Sign In Forgot Password

Bamidbar and Bat Mitzvah

06/07/2024 02:09:20 PM

Jun7

Shabbat Shalom! Tonight is the 46th night of the omer - shisha v’arba’im yom, sh’haim shisha shavuot v’arba’ah la’omer. The Kabbalistic realm of this day of the omer is Netzach (persistence, eternity) within Malchut/Shekhina (sovereignty, queendom). This week’s Torah portion is Parashat Bamidbar, my Bat Mitzvah portion! 

Like all parashiyot, Bamidbar is named for the first significant word in the reading (it can’t be named after the first word, because if ever parasha that began with “vayedaber Adonai el Moshe”/ “And God Spoke to Moses” was named after the first word, we would have too many Parasha Vayedabers to keep track of). Bamidbar is specifying that it is in the wilderness that God is speaking to Moses, and so the parasha is named Bamidbar, in the wilderness. This is also the name of the book that opens with this Torah portion - Sefer Bamidbar, or The Book of Numbers. 

The book takes place, of course, in the wilderness. And, it includes a fair amount of numbers - counting up all the men of fighting age from each of the 12 tribes of Israel. To me, each parasha’s name is sort of incidental. The first meaningful word of the portion isn’t necessarily the central theme or thesis of the portion. The fact that each sefer is named for the first parasha is equally incidental. The English titles for the Biblical books tend to be more telling in my mind. Yet, in this week’s (m)Oral Torah from T’ruah, Rabbi Lana Zilberman Soloway indicates that she views the naming conventions the opposite way: “The English title zooms in,” she writes, “it is very specific. It reveals nothing but the first story of this new book, in which God asks our leaders, Moses and Aaron, to take a census of the people.” Now, setting aside for a moment that there is in fact a second census later in the book, so it’s not really just the first story, I was struck by how true her words were even though they seemed to demonstrate an inverse view of the words from how I always thought of it. 

Maybe because she also used the word “zoom”, it made me think of that picture book Zoom. I don’t think there are even any words in it, just a series of illustrations that depict increasingly zoomed out views of the same image. It begins with an indecipherable red splotch, and then the next page is a rooster head, the red splotch being the coxcomb of the rooster. Then we see the backs of two children’s heads as they look out their farmhouse window at the rooster. And so on and so forth until we are just looking at the Earth from space. Each picture is displaying ostensibly the same thing, but we are allowed to see it from multiple perspectives and it shifts dramatically how we understand what we’re looking at, just as the Book of Numbers and Sefer Bamidbar are the same book, but how we read them might shift our focus and allow each of us to see the same stories differently. Or for us to see it differently now than we may have 24 years ago, for example. 

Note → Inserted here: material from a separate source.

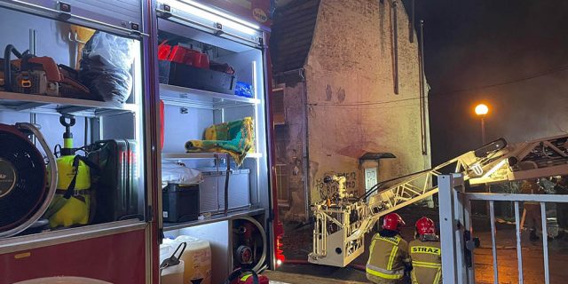 Pożar wybuchł w poniedziałek, 3 stycznia, w kamienicy przy ul Wąskiej. Płonie już całe poddasze. Na miejscu trwa walka z ogniem.

I don’t actually remember how I understood my parasha at 12 years old. I once tried looking for my Bat Mitzvah stuff at my parents’ house, and found the old cassette tapes with my tutor chanting my Torah and haftarah portion, but I couldn’t find my “speech” or any notes or worksheets that the tutor or rabbi might have given me to help me understand the portion and write the speech. I assume, though, that I had a different grasp on the situation then as now. Twenty four years of life on earth, and especially five years of rabbinical school and eight years in the rabbinate, will do that for you. 

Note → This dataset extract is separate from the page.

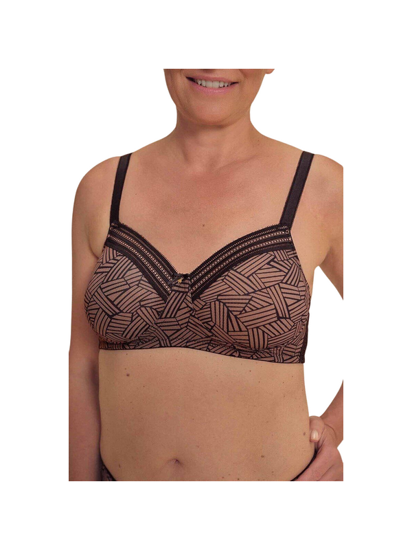 Nowoczesny, koronkowy nadruk w połączeniu z ozdobnymi paskami przy dekolcie i po bokach sprawia, że biustonosz wygląda jak klasyczna, elegancka bielizna - a nie wyrób medyczny.

In my Gold Herring Omer Workbook, the teaching for tonight is about looking at the Big Picture, and the “Mindfulness in Action” recommendation for tomorrow is to find an elevated view. Maybe literally - they suggest finding a tree you can climb or a balcony to look out from or maybe go for a hike to any level of summit you can manage. Or metaphorically - if you can’t climb a tree or a mountain and don’t know where to find any balconies, they suggest taking a long-view perspective of your career, relationship, or journey over the past 7-10 years (or 24). Changing your perspective can alter your understanding of the world around you, or even just taking the time to notice how much your perspective has already changed can help you deepen your understanding of how important context and nuance is when approaching the world. 

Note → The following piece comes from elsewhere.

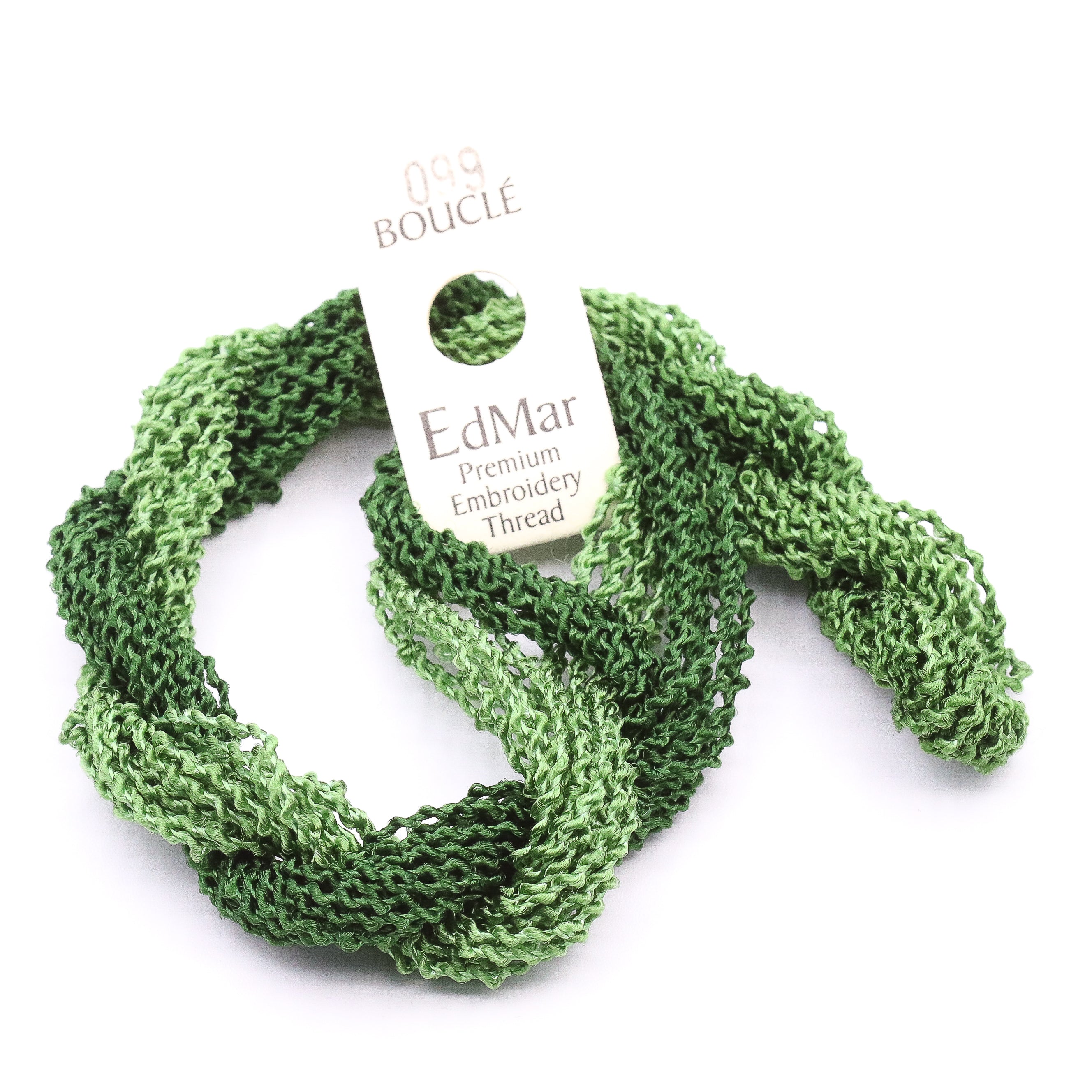 This is Boucle from EdMar in color 099 Medium to Pale Parsley. 2 or 3 ply on 13 mesh, 1 ply on 18 mesh. Great for trees, clouds, water, or fur. Also try couching it for a different effect!

This Shabbat, in addition to the offering from Gold Herring I just shared, I might also suggest you take some time in the wilderness (of nature or of your own mind) and count backwards from 120. This is a meditative thing I do sometimes that I can’t really explain but it makes me feel very recentered. How does being in that wilderness shift your awareness? How does the counting? Can you separate each aspect of the meditative practice? May you find Divine Majesty in the world, may you recenter your goals and endurances, may you accept differing perspectives, and may you be counted among your Tribe. Amen and Shabbat Shalom.